Trying out Asensio as a false No.9
The most striking part of the Juventus game, or at least the most surprising, was seeing Marco Asensio in the role of a false No.9. In the first half, Real Madrid played with a 4-4-2 in a rhombus formation, with Isco at the vertex with Bale and Benzema up front. It was far from inspiring and the only saving grace was Bale’s wonder-goal – a typically sublime effort from him. The team looked a little disjointed and only really connected when they got close to the rival goal. The second half performance was much better, especially the team’s blistering start with a three-pronged attack: Lucas Vázquez-Asensio-Vinicius, in which Asensio tended to drop back then pop up just at the right moment. In doing so he grabbed two goals.
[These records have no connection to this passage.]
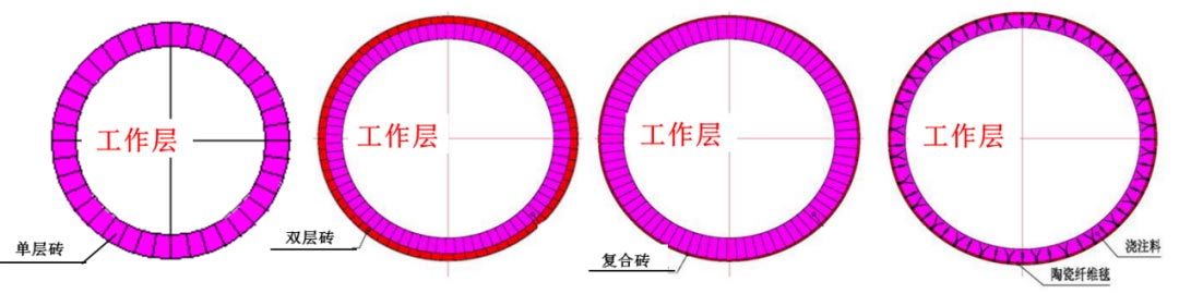 回轉(zhuǎn)窯焚燒爐最關(guān)鍵設(shè)備即為回轉(zhuǎn)窯本體,因其是一種動(dòng)態(tài)運(yùn)轉(zhuǎn)設(shè)備,對(duì)內(nèi)襯結(jié)構(gòu)設(shè)計(jì)要求較高,首先要確保耐火內(nèi)襯在動(dòng)態(tài)高溫狀態(tài)運(yùn)行下整體內(nèi)襯的穩(wěn)定性,防止耐火磚掉磚、抽簽等問(wèn)題。對(duì)于危廢回轉(zhuǎn)窯系統(tǒng)而言,由于轉(zhuǎn)速比較慢,一般在1轉(zhuǎn)/分以下,可以根據(jù)廠(chǎng)房設(shè)計(jì)和節(jié)能要求選擇單層磚、雙層磚、復(fù)合磚和整體澆注等不同結(jié)構(gòu),如圖3所示。回轉(zhuǎn)窯耐火材料總厚度一般是250-300mm不等,其中工作層耐火磚材質(zhì)一般根據(jù)處理溫度和危廢種類(lèi)不同,可以選擇高鋁質(zhì)、剛玉莫來(lái)石質(zhì)以及鉻鋯剛玉質(zhì)耐火材料等。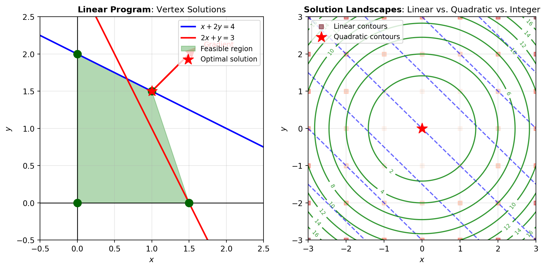 Figure 1 illustrates the geometric intuition behind linear programming and shows how the solution landscape differs between linear, quadratic, and integer programs.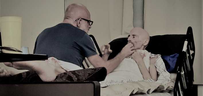 There is a hospital bed in the one-bedroom apartment Tim and Timothy share. Timothy is bedridden, and is receiving home hospice care. Tim divides his time between caring for Timothy and fielding calls from concerned friends as well as from various researchers to whom Timothy has generously provided endless blood and tissue samples over the years.

While Madrid scour the market in search of an out-and-out centre-forward, Lopetegui used the game to dabble and his experiment paid off - Asensio has provided him with a solution. As for the ‘false No.9, it’s a tactic which many of football’s historic sides have employed to great effect. Austria’s fabled Wunderteam used it with Matthias Sindelar in the deep-lying role; as did Hungary with Nándor Hidegkuti in the deeper, retreate position; and also Real Madrid with Di Stéfano; the acclaimed Brazil 1970 side with Tostao dropped back and not forgetting Ajax with Cruyff, although when El Flaco fell a few yards back, he would usually drift over to the left; we saw it many time with Guardiola’s Barça with Messi in the role and with Del Bosque’s Spain during several games at EURO 2012 with Cesc Fàbregas playing ‘in the hole’.
Exploiting Asensio's versatility
I don’t know whether Lopetegui, in the off chance that Florentino doesn’t find him a bona fide centre-forward, might be considering possibility of fielding Asensio in that position but he’s obviously thought about enough to put the experiment to the test. It has to be said that nor is Benzema a classic, out-and-out No.9 – he’s more of what the Argentineans would call a ‘nine and a half’, half striker-half deep-lying forward; so that leaves just Borja Mayoral, who is still learning the ropes, and Raúl de Tomás meanwhile will be going out on loan. Asensio has a good shot on him, he can play in various different positions, but I get the feeling that he gets a bit bored playing out wide on the left. He revels being in the heart of the action – that’s precisely where he was against Juve and he looked right at home.